Winning attitude sure helps

By Ferd Lewis
Advertiser Columnist

"Hi, you guys want to talk to me?" San Jose State basketball coach George Nessman asked a couple of reporters after practice yesterday.

It wasn't what he said but how he said it — with a smile and a handshake.

You figure if this man can smile with all that's on his plate at the moment, then whatever problems you might be temporarily experiencing are suddenly rendered manini. If this guy can welcome reporters' questions and muster seemingly boundless optimism in his current straits, then there's hope for the rest of us.

For here is a coach, in the midst of a four-game, eight-day stretch as the Spartans play the University of Hawai'i tonight at the Stan Sheriff Center, of a 2-16 team that has just lost its last two games by a total of four points. In one of them, his 6-foot-10 player went in for a dunk and got cleanly blocked from behind by a 6-foot-3 defender with 25 seconds remaining.

Here's a coach trying to rebuild a long-sagging program while playing what the Sagarin ratings tell us is the third toughest Division I schedule in the nation. Somebody who inherited a schedule with a road appearance against Duke.

And, you thought the 10-9 Rainbow Warriors, who share last place in the Western Athletic Conference with San Jose State and Idaho, had issues.

For San Jose State, that's just the half of it. Last month the administration asked Nessman to also oversee the operation of the women's basketball team on an emergency basis after the head coach, who is battling breast cancer, went on medical leave and the interim coach was placed on administrative leave. So Nessman assigned one of his assistants to coach the women while he stays in daily contact and monitors compliance, budget and non-game responsibilities.

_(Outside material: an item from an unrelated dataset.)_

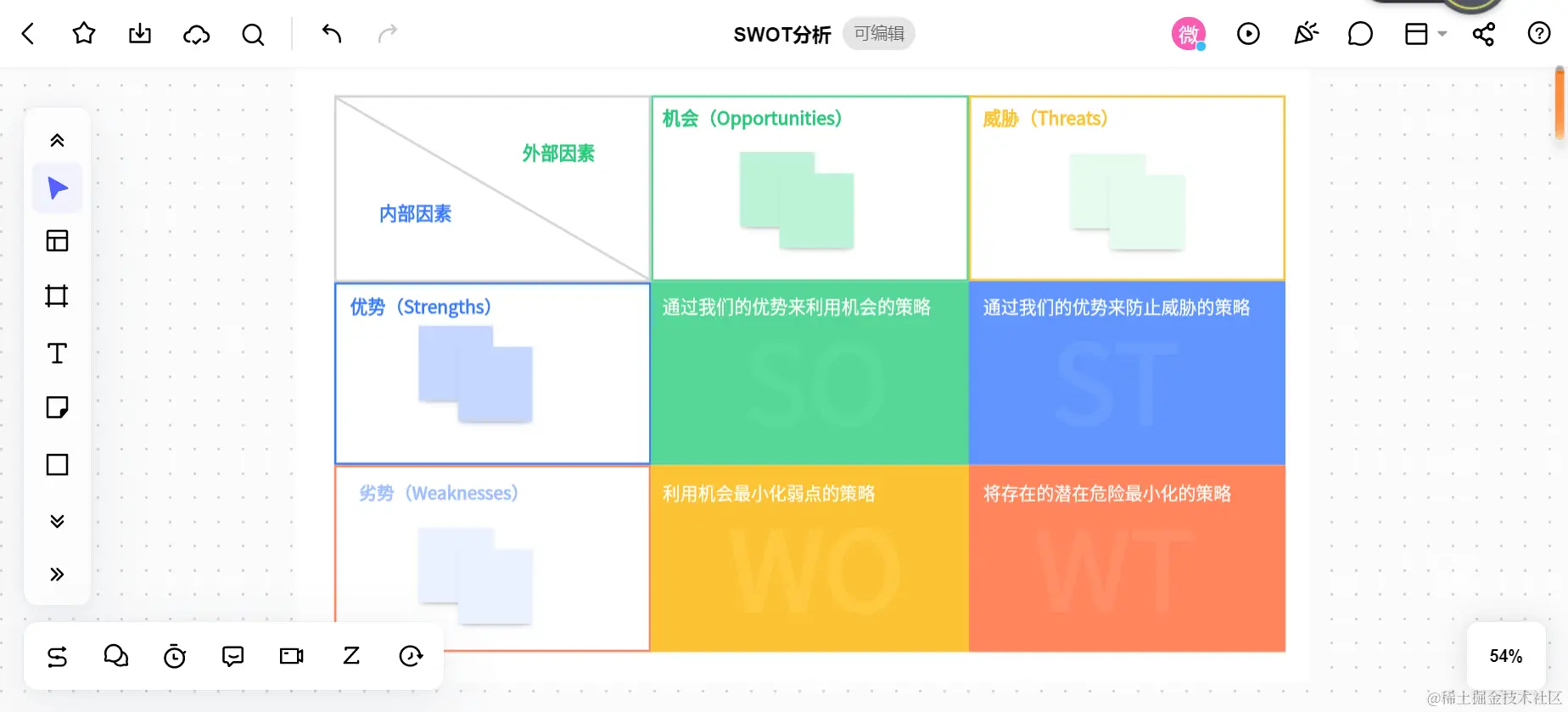 S(Strengths)优势、W(Weaknesses)劣势、O(Opportunities)机会、T(Threats)威胁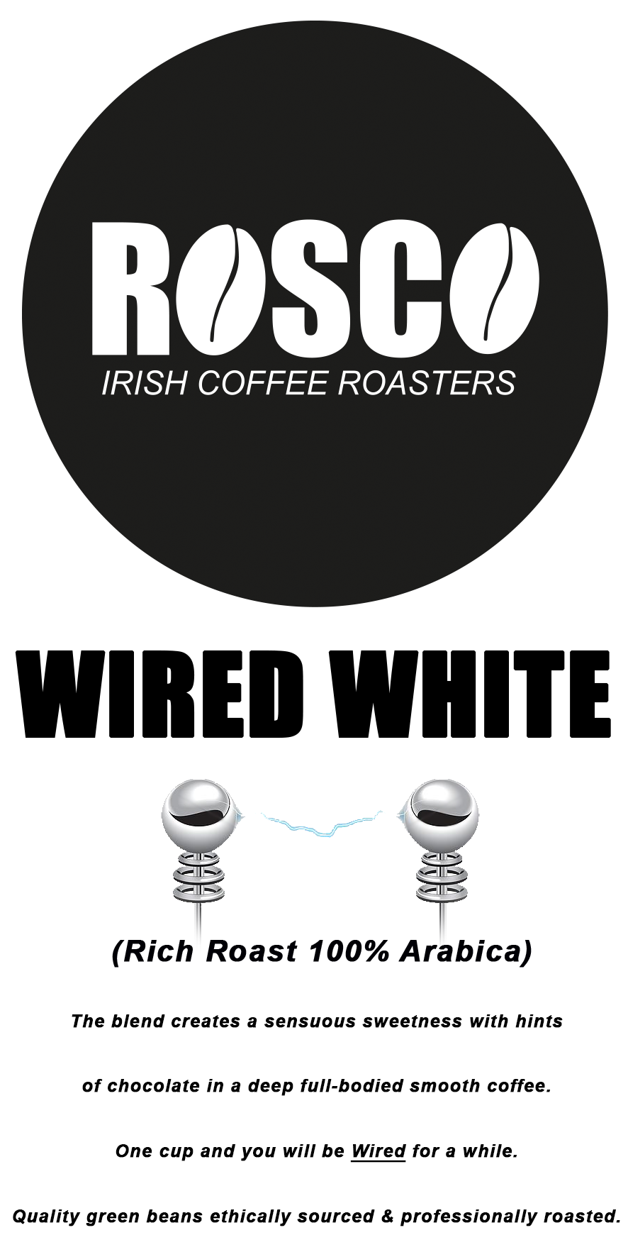 Wired White: Is a rich roast using Arabica and Robusta beans to create a sensuous sweetness with hints of chocolate in a deep full - bodied smooth Coffee. One cup and you will be Wired for a while.....

The job that Nessman originally signed up for was challenging enough: turn around a program that hasn't had a winning season in 12 years. Return to respectability an outfit that has had five consecutive 20-loss seasons and 12 in the last 19 years. Make competitive a team that hasn't won a conference regular season title since it began playing an all-college schedule.

A Spartan challenge indeed, if not Mission: Impossible. And one that had seen three changes in coaches in the eight seasons preceding Nessman's arrival last year.

Like football coach Dick Tomey, Nessman is trying to reinvent the formula for success at San Jose State. He's moving away from a foundation of junior college transfers and mining San Jose's long-neglected Bay Area backyard. Forward De Vonte Thomas was the first Bay Area high school senior to get a scholarship from the Spartans in 21 years.

"I think we're beginning to move in the right direction," Nessman said.

For now, the ability to keep smiling might be the best indication of that.